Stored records
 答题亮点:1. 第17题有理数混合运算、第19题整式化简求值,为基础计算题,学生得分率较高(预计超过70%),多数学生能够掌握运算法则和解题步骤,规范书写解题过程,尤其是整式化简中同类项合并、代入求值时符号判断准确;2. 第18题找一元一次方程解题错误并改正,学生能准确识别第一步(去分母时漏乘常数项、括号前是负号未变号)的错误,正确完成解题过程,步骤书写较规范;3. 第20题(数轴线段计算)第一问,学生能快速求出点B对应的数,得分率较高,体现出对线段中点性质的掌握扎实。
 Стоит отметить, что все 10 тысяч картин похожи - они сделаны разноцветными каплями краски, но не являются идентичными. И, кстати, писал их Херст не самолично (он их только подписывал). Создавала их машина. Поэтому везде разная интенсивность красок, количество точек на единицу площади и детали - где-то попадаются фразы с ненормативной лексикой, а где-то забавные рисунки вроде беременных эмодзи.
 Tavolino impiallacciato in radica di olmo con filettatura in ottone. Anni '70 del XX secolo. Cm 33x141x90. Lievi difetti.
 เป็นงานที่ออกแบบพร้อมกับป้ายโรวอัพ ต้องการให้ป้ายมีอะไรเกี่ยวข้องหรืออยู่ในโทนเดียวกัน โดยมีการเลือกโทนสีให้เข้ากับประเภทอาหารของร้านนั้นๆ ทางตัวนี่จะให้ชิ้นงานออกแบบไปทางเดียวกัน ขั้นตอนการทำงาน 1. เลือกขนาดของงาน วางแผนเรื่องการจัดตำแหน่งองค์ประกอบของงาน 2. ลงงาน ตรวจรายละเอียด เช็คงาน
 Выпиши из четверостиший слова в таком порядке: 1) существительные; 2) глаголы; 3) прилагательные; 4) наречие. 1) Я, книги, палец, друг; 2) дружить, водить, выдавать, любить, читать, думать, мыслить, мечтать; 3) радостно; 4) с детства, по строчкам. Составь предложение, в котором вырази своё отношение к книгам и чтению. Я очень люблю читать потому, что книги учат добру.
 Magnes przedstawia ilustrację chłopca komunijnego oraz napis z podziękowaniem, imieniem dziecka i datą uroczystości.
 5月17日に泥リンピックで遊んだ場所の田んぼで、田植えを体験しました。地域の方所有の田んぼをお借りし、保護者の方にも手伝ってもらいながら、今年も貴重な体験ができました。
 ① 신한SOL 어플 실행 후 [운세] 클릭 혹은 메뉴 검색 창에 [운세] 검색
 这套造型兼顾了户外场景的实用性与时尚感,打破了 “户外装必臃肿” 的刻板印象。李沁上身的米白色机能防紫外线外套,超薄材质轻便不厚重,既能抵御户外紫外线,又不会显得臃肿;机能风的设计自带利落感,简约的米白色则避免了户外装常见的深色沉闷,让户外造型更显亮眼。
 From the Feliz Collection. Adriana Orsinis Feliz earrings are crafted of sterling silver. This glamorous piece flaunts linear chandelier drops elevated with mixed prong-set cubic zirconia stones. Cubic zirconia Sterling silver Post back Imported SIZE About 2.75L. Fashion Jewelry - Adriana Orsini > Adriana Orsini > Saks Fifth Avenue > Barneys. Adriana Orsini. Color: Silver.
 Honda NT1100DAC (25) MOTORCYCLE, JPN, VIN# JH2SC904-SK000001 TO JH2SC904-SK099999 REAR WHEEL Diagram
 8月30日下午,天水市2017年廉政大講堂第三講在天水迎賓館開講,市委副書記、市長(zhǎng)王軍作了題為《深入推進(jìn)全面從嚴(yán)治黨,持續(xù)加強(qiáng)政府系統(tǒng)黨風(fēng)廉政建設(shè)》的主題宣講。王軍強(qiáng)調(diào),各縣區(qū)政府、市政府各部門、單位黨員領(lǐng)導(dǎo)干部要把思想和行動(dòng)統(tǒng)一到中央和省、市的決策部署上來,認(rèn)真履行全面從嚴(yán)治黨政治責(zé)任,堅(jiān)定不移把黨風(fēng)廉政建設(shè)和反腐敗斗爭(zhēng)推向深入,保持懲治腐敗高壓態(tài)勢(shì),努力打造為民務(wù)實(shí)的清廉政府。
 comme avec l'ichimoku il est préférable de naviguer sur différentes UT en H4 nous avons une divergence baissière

What you have to do: Give the records again, complete and exact.

Result of the task:
 答题亮点:1. 第17题有理数混合运算、第19题整式化简求值,为基础计算题,学生得分率较高(预计超过70%),多数学生能够掌握运算法则和解题步骤,规范书写解题过程,尤其是整式化简中同类项合并、代入求值时符号判断准确;2. 第18题找一元一次方程解题错误并改正,学生能准确识别第一步(去分母时漏乘常数项、括号前是负号未变号)的错误,正确完成解题过程,步骤书写较规范;3. 第20题(数轴线段计算)第一问,学生能快速求出点B对应的数,得分率较高,体现出对线段中点性质的掌握扎实。
 Стоит отметить, что все 10 тысяч картин похожи - они сделаны разноцветными каплями краски, но не являются идентичными. И, кстати, писал их Херст не самолично (он их только подписывал). Создавала их машина. Поэтому везде разная интенсивность красок, количество точек на единицу площади и детали - где-то попадаются фразы с ненормативной лексикой, а где-то забавные рисунки вроде беременных эмодзи.
 Tavolino impiallacciato in radica di olmo con filettatura in ottone. Anni '70 del XX secolo. Cm 33x141x90. Lievi difetti.
 เป็นงานที่ออกแบบพร้อมกับป้ายโรวอัพ ต้องการให้ป้ายมีอะไรเกี่ยวข้องหรืออยู่ในโทนเดียวกัน โดยมีการเลือกโทนสีให้เข้ากับประเภทอาหารของร้านนั้นๆ ทางตัวนี่จะให้ชิ้นงานออกแบบไปทางเดียวกัน ขั้นตอนการทำงาน 1. เลือกขนาดของงาน วางแผนเรื่องการจัดตำแหน่งองค์ประกอบของงาน 2. ลงงาน ตรวจรายละเอียด เช็คงาน
 Выпиши из четверостиший слова в таком порядке: 1) существительные; 2) глаголы; 3) прилагательные; 4) наречие. 1) Я, книги, палец, друг; 2) дружить, водить, выдавать, любить, читать, думать, мыслить, мечтать; 3) радостно; 4) с детства, по строчкам. Составь предложение, в котором вырази своё отношение к книгам и чтению. Я очень люблю читать потому, что книги учат добру.
 Magnes przedstawia ilustrację chłopca komunijnego oraz napis z podziękowaniem, imieniem dziecka i datą uroczystości.
 5月17日に泥リンピックで遊んだ場所の田んぼで、田植えを体験しました。地域の方所有の田んぼをお借りし、保護者の方にも手伝ってもらいながら、今年も貴重な体験ができました。
 ① 신한SOL 어플 실행 후 [운세] 클릭 혹은 메뉴 검색 창에 [운세] 검색
 这套造型兼顾了户外场景的实用性与时尚感,打破了 “户外装必臃肿” 的刻板印象。李沁上身的米白色机能防紫外线外套,超薄材质轻便不厚重,既能抵御户外紫外线,又不会显得臃肿;机能风的设计自带利落感,简约的米白色则避免了户外装常见的深色沉闷,让户外造型更显亮眼。
 From the Feliz Collection. Adriana Orsinis Feliz earrings are crafted of sterling silver. This glamorous piece flaunts linear chandelier drops elevated with mixed prong-set cubic zirconia stones. Cubic zirconia Sterling silver Post back Imported SIZE About 2.75L. Fashion Jewelry - Adriana Orsini > Adriana Orsini > Saks Fifth Avenue > Barneys. Adriana Orsini. Color: Silver.
 Honda NT1100DAC (25) MOTORCYCLE, JPN, VIN# JH2SC904-SK000001 TO JH2SC904-SK099999 REAR WHEEL Diagram
 8月30日下午,天水市2017年廉政大講堂第三講在天水迎賓館開講,市委副書記、市長(zhǎng)王軍作了題為《深入推進(jìn)全面從嚴(yán)治黨,持續(xù)加強(qiáng)政府系統(tǒng)黨風(fēng)廉政建設(shè)》的主題宣講。王軍強(qiáng)調(diào),各縣區(qū)政府、市政府各部門、單位黨員領(lǐng)導(dǎo)干部要把思想和行動(dòng)統(tǒng)一到中央和省、市的決策部署上來,認(rèn)真履行全面從嚴(yán)治黨政治責(zé)任,堅(jiān)定不移把黨風(fēng)廉政建設(shè)和反腐敗斗爭(zhēng)推向深入,保持懲治腐敗高壓態(tài)勢(shì),努力打造為民務(wù)實(shí)的清廉政府。
 comme avec l'ichimoku il est préférable de naviguer sur différentes UT en H4 nous avons une divergence baissière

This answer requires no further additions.